**Records shown**.
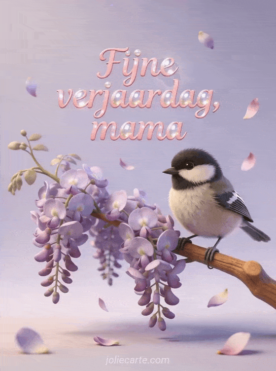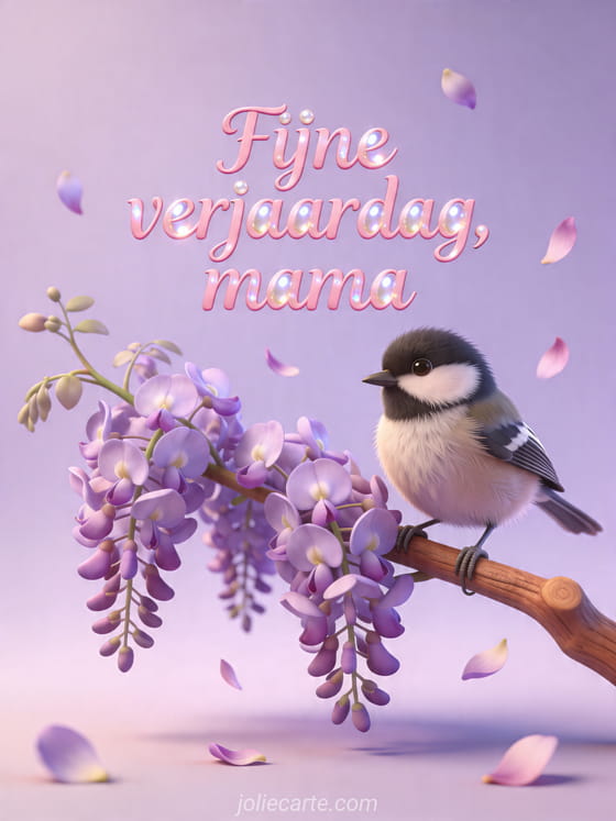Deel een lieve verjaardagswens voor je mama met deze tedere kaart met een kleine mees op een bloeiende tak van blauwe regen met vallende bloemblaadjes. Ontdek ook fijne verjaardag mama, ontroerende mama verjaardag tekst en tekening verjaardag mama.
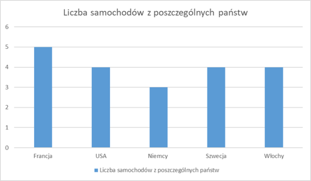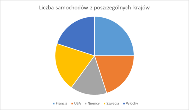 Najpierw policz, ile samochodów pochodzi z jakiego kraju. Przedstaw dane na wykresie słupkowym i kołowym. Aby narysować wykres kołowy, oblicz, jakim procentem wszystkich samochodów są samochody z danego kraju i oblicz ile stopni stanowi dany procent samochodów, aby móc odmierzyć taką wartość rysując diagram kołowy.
--
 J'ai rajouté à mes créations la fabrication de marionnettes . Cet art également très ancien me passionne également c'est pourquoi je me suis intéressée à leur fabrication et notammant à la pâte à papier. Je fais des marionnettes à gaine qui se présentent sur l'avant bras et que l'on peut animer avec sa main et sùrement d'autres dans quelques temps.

**Task description**. Starting with the line that has "Deel een lieve" and going on through the line that has "Najpierw policz, ile", transcribe the records above exactly, but skip the pictures.

**Solution to this exercise**.
Deel een lieve verjaardagswens voor je mama met deze tedere kaart met een kleine mees op een bloeiende tak van blauwe regen met vallende bloemblaadjes. Ontdek ook fijne verjaardag mama, ontroerende mama verjaardag tekst en tekening verjaardag mama.
 Najpierw policz, ile samochodów pochodzi z jakiego kraju. Przedstaw dane na wykresie słupkowym i kołowym. Aby narysować wykres kołowy, oblicz, jakim procentem wszystkich samochodów są samochody z danego kraju i oblicz ile stopni stanowi dany procent samochodów, aby móc odmierzyć taką wartość rysując diagram kołowy.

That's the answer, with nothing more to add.